──────── Dataset records

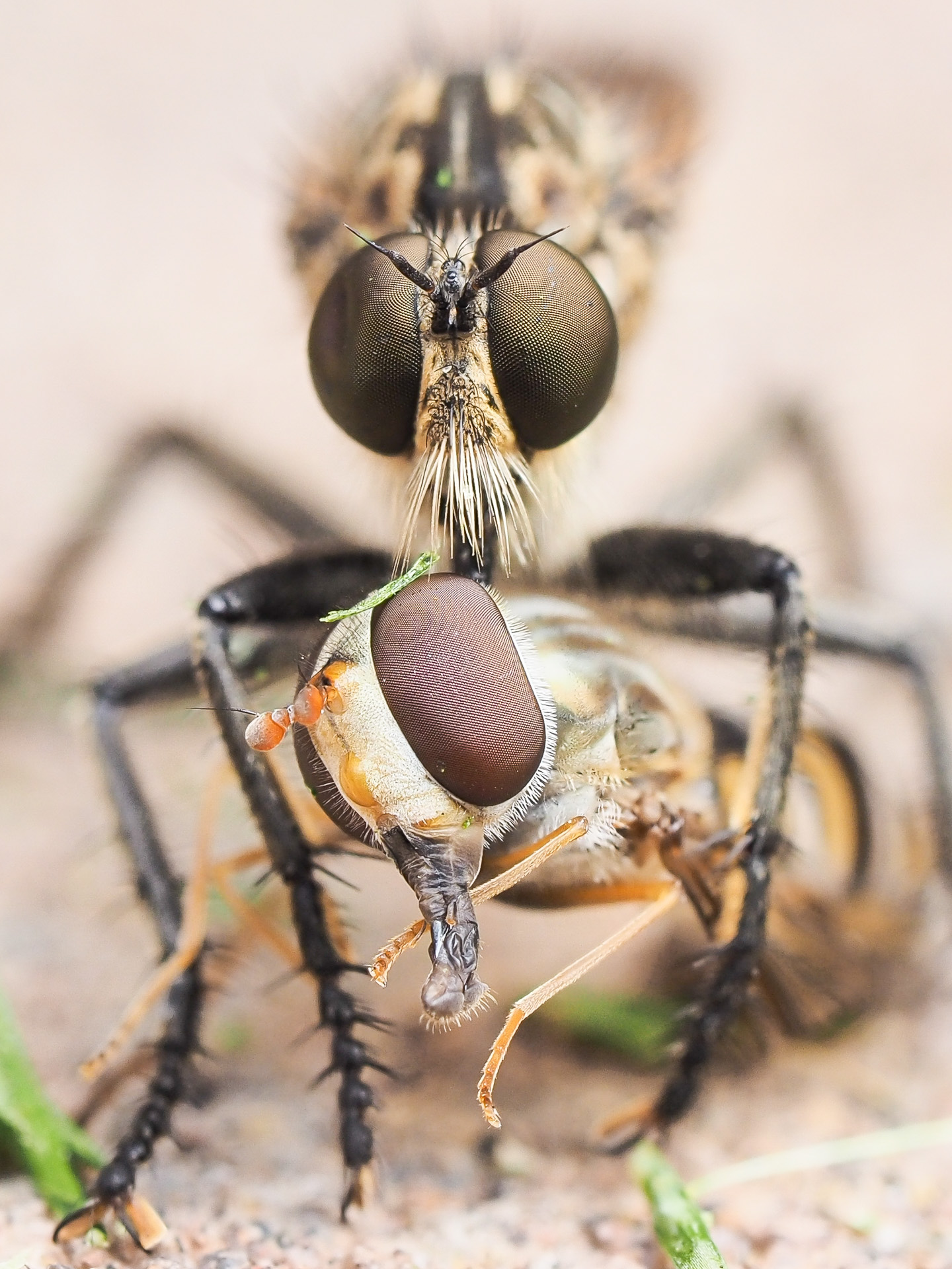 Eine Bremse erbeutet eine Fliege.
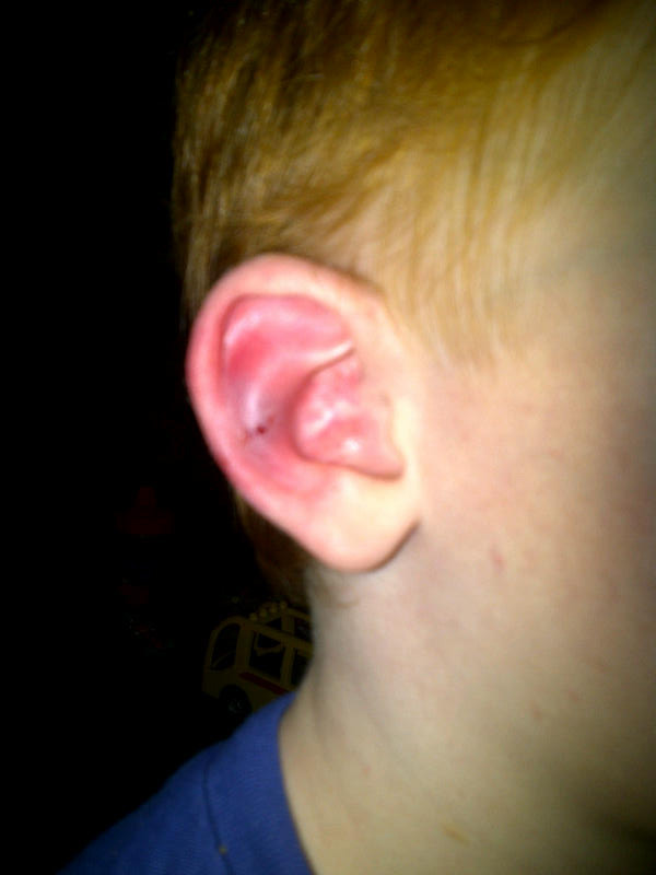 Nick sustained ear fail when landing on a drawer while shadowing mommy
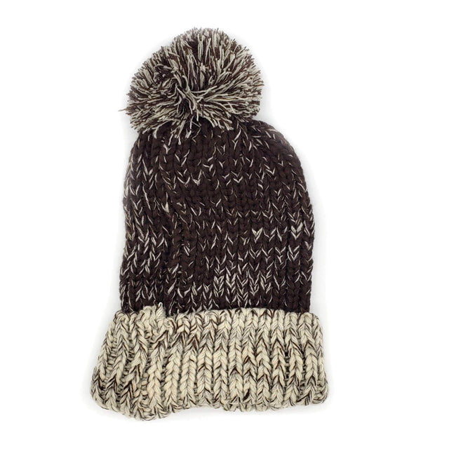 #KA247 Thick Knit Brown Pom Pom Beanie
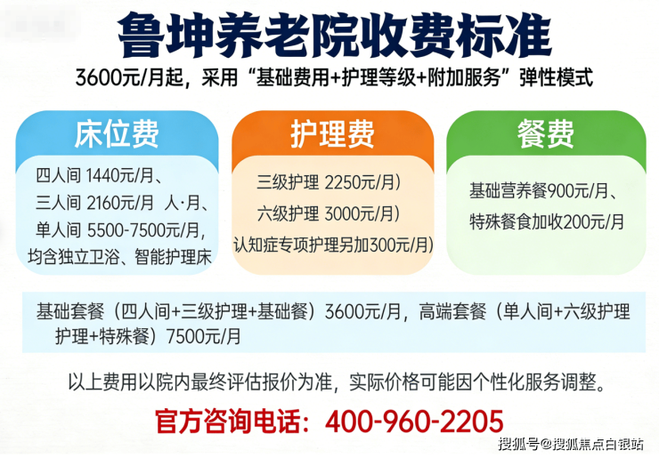 温馨提示:最准确的费用需结合老人实际身体状况和房型评估。建议拨打官方电话 400-960-2205 获取个性化费用明细解读。
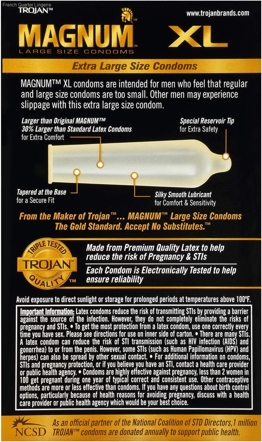 Our largest size condom. If you find that regular and large size condoms are too restrictive for you, Magnum™ XL is your gold standard. (Other men may experience slippage.) They’re larger than original Magnum™ large size condoms, and they’re 30% larger than standard condoms. The extra large size means you can finally feel the extra comfort you’ve been missing.
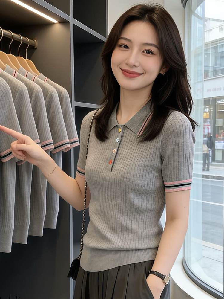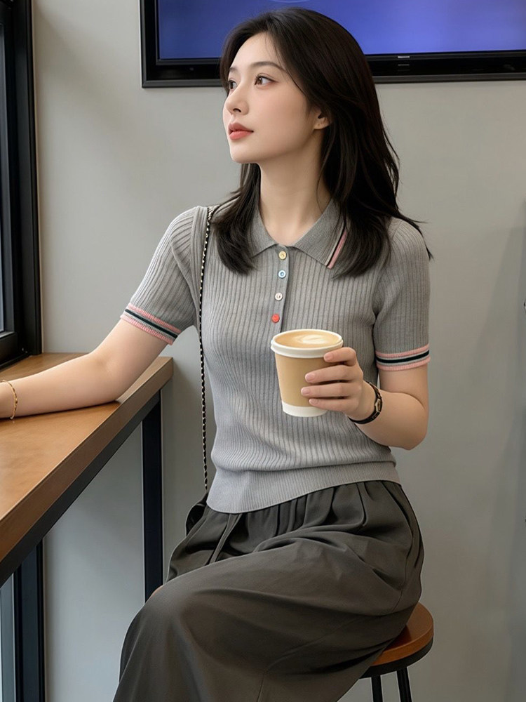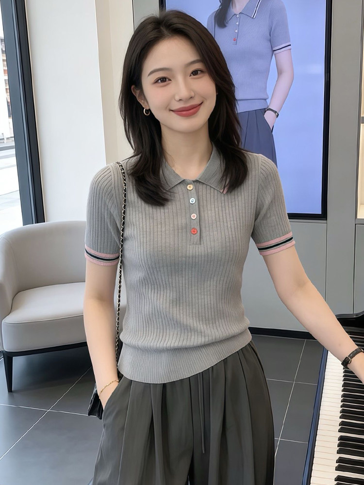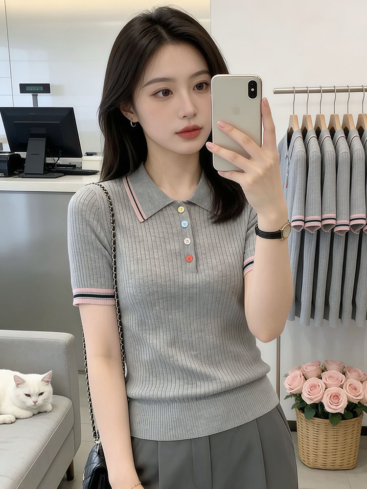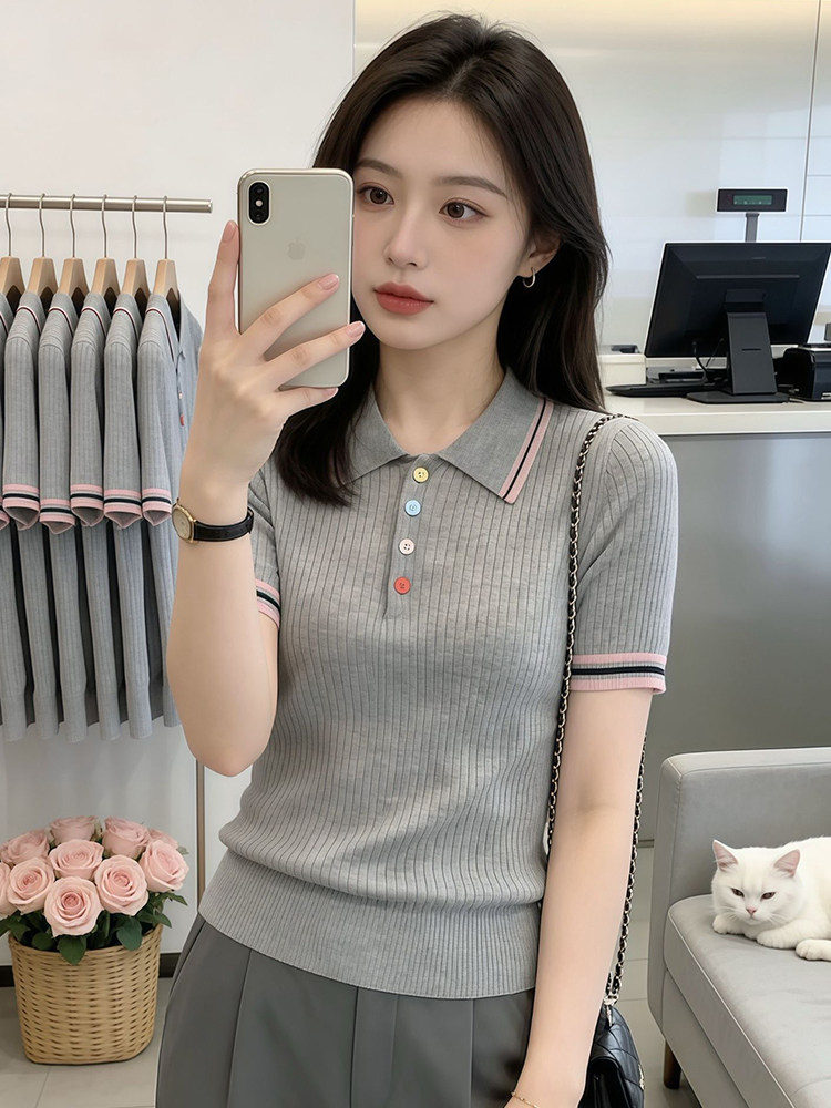 韩系撞色冰丝彩扣Polo领短袖针织衫2026夏季新款时尚百搭短袖上衣

────────────────

> _Exercise_
All of the preceding material should be output verbatim, with the pictures excluded.

> _Result for this exercise_
 Eine Bremse erbeutet eine Fliege.
 Nick sustained ear fail when landing on a drawer while shadowing mommy
 #KA247 Thick Knit Brown Pom Pom Beanie
 温馨提示:最准确的费用需结合老人实际身体状况和房型评估。建议拨打官方电话 400-960-2205 获取个性化费用明细解读。
 Our largest size condom. If you find that regular and large size condoms are too restrictive for you, Magnum™ XL is your gold standard. (Other men may experience slippage.) They’re larger than original Magnum™ large size condoms, and they’re 30% larger than standard condoms. The extra large size means you can finally feel the extra comfort you’ve been missing.
 韩系撞色冰丝彩扣Polo领短袖针织衫2026夏季新款时尚百搭短袖上衣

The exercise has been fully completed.